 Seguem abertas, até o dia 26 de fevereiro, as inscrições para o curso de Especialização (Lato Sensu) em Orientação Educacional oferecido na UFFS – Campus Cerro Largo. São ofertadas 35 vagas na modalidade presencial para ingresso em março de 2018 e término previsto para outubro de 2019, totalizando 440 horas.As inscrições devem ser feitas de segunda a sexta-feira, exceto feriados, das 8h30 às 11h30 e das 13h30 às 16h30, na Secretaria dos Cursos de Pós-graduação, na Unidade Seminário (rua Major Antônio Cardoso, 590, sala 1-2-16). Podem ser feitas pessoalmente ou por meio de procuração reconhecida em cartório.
...
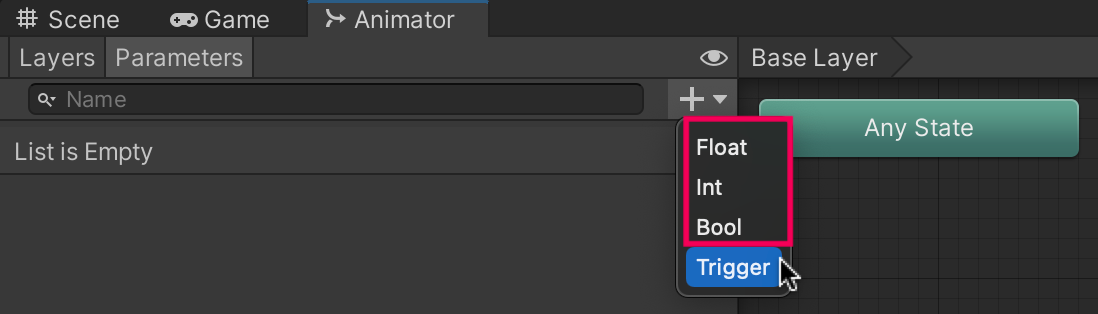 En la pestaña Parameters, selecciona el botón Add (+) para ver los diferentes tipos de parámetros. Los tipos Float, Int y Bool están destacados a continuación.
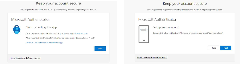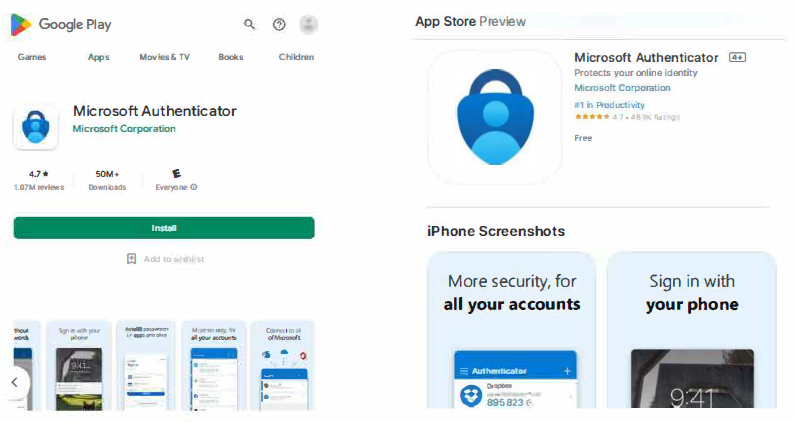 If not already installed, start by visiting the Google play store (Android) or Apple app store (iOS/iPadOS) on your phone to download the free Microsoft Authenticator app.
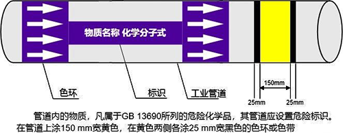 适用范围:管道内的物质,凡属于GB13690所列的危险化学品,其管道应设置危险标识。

### What the exercise asks
Only the lines above from the one containing "If not already" through the one containing "适用范围:管道内的物质,凡属" should be returned, verbatim and inclusive, with pictures excluded.

### Answer box
 If not already installed, start by visiting the Google play store (Android) or Apple app store (iOS/iPadOS) on your phone to download the free Microsoft Authenticator app.
 适用范围:管道内的物质,凡属于GB13690所列的危险化学品,其管道应设置危险标识。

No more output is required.